The fact that he does that while break dancing on the spot and fist-bumping volunteers pre-race and striking those magnificient ‘lightning bolt’ poses and break dancing some more after he (inevitably) wins the race adds to the aura of the man and helps build the perception that this is the most natural thing in the world for him.

Add to this his firm anti-doping stance, and his pristinely clean record, and it would not be wrong to say that Bolt has almost single-handedly dragged the grand old sport of sprinting from the quagmire of lacklustre action and depths of infamy that it had been plunged into in the modern era.

The Jamaican is a brand ambassador for Puma (Bolt signed on with them after the 2002 Junior Games – kudos to Puma on backing the young kid, and boy are they reaping the dividends now!), Virgin Media, Visa, Rocklive and a host of other corporate giants. Brand Bolt is the face of athletics. And when he doesn’t appear in a competition, the whole thing loses a lot of lustre and the winners never quite get the prestige and recognition they deserve – after all, if Bolt had been there, those golds of theirs would be silvers, wouldn’t it?

So why isn’t Bolt running in the Commonwealth Games that are being held right now in Glasgow? Sure he’s promised to run in the 4x100m relay, but that’s not what we are here to see are we? Why is he shying away from the 100m and 200m?

Victory at CWG – little relevance

The answer is quite simple, really. Victory at the CWG would add nothing of great value to the Brand that is Bolt; neither his finances nor his reputation will be greatly increased by victory here. Defeat however would be near catastrophic. For let’s face it, when India are in with a realistic shout of finishing in the top three at an event such as this, the competition is not really going to be of the highest calibre. (I have the greatest respect for the Indians competing and winning medals at the CWG, and this comparison is in no way intended to be demeaning, but think about it... what do we do at the Olympics?).
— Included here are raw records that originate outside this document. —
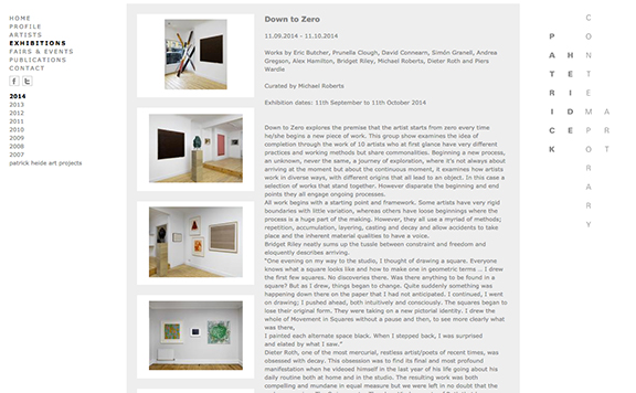 Exhibition dates: 11th September to 11th October 2014 http://www.patrickheide.com/2014_en.php?id=197&year=0 |
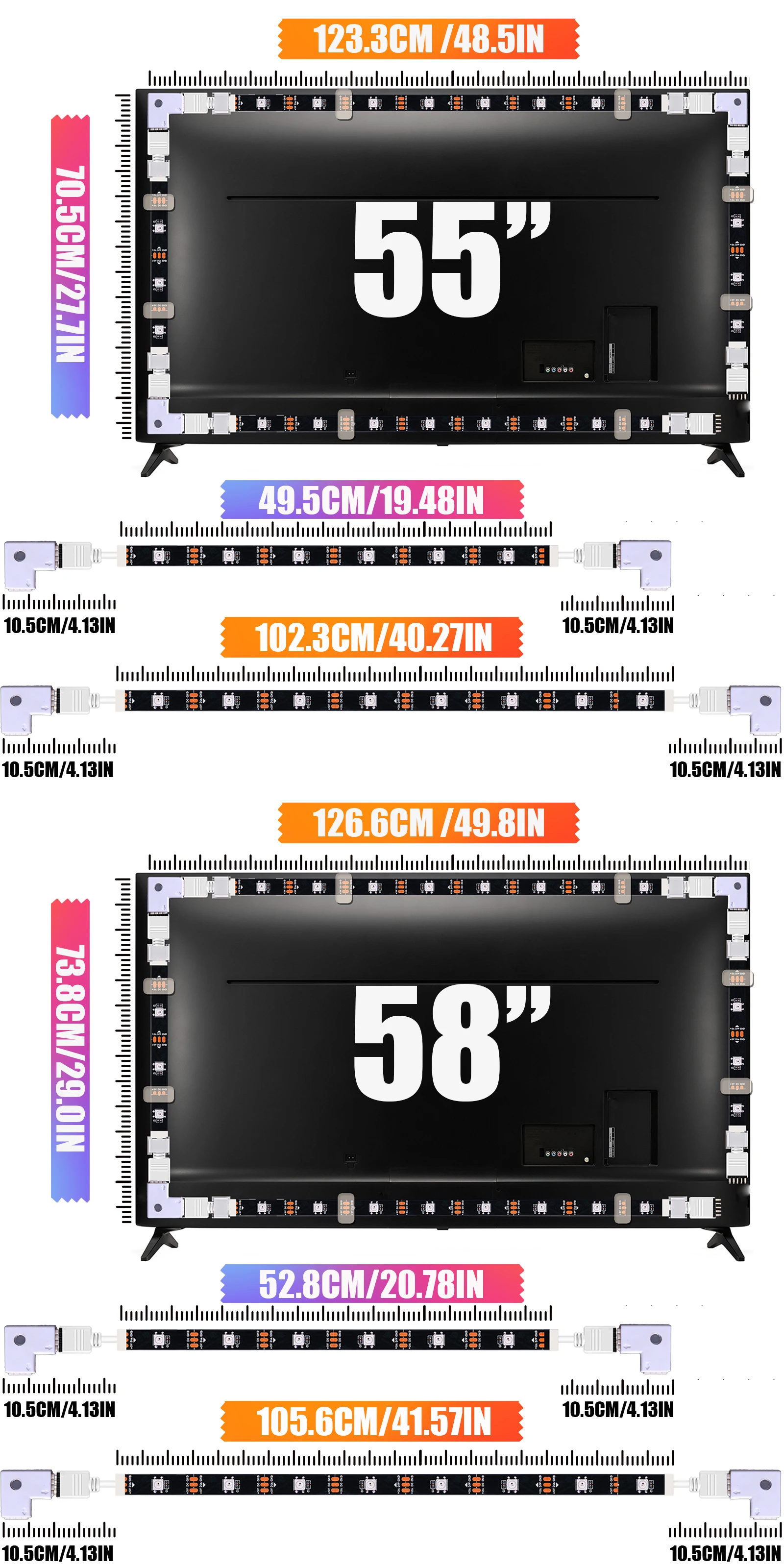 Продукт был довольно легко помещается на TV Samsung, немного длиннее, чем я ожидал для 49 дюймового телевизора. Функциональность в умной жизни работает так, как ожидалось. Инфракрасный не очень мощный, как со всеми этими светодиодными лампами (у меня есть 4 других производителя). Будьте осторожны при установке, так как полоса тонкая. Вам нужно 2 ампер usb зарядное устройство и, вероятно, 1 метр usb удлинитель (с нормальным штекером, а также гнездовой разъем для розетки). Телевизор обеспечивает только 1 Ампер от usb, поэтому имейте это в виду.
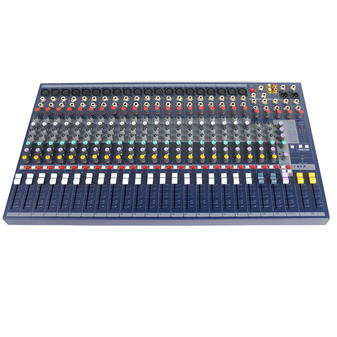 • Each channel typically includes a 4-band equalizer for precise tone shaping, and the mixer also features multiple auxiliary sends for flexible routing of monitor mixes or external devices.
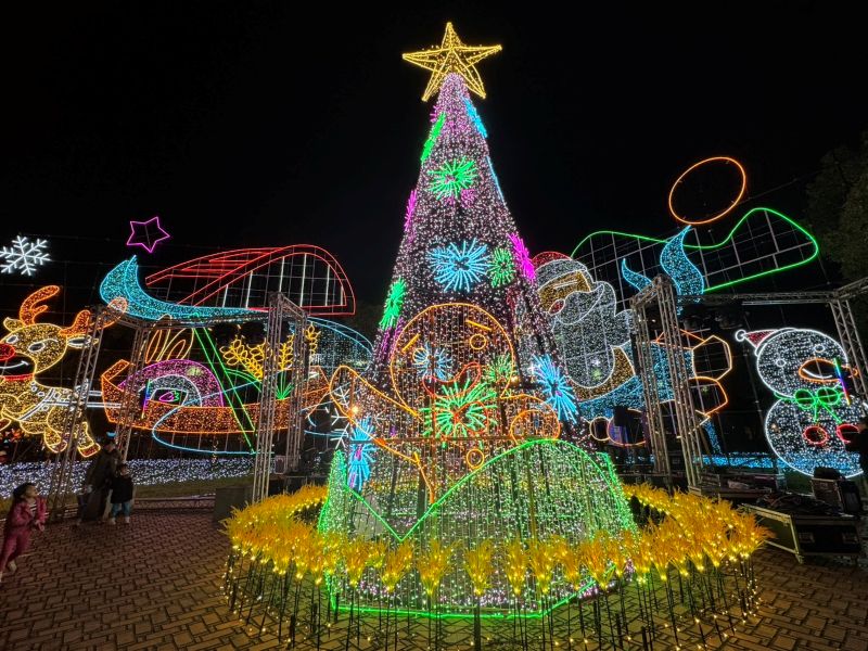 叮叮噹 !叮叮噹 !鈴聲多響亮 ! 一年一度的聖誕節即將來臨,「2025蘭陽越夜越美麗~蘭陽歡樂迎耶誕」燈飾裝置在今(27)日晚上正式點燈!今年縣府與議會再次攜手合作,以冬山河品牌「心咚山河」為主題,打造8.5公尺泡湯耶誕老人、麋鹿牽引冬山河鴨母船、12公尺稻米與穗花棋盤腳主題耶誕樹等宜蘭意象燈飾;議會前方亦設置全新耶誕樹與薑餅人燈景,並以段木香菇、金棗、三星蔥等農特產打造入口意象,呈現濃厚蘭陽風情。燈飾展示時間:自114年11月27日起至115年3月3日止,每晚5:00-10:00,以繽紛多彩的燈光裝置藝術,歡迎民眾前往欣賞享受溫馨愉快的佳節。

Fellow Jamaican Yohan Blake won’t be there either, and that weakens the potential for drama considerably. If Blake had been there, the possibility remained that Bolt would have made it. After all, athletics right now doesn't have a bigger rivalry than the Lightning Bolt vs the Beast (as the typically muscular Blake is called).

Sad as it is to hear, the truth is that while Bolt the runner would love to run at the CWG (it is pretty big in Jamaica and is one of the biggest stages for them to showcase their talents on), Bolt the Brand cannot take the risk especially as he has just recently recovered from a foot injury that kept him out of the much more lucrative Golden Spike meet in Otrava and the Diamond League meet in Paris.

While all this means that the fastest man on earth will not run in the prime events, it is still a great coup for the CWG that Bolt will run the relays, because when that event comes up, Glasgow will have the undivided attention of the world, and will be assured of a viewership that would break all records for the historic competition.

For when ‘Lightning’ Bolt runs, the world stops to watch.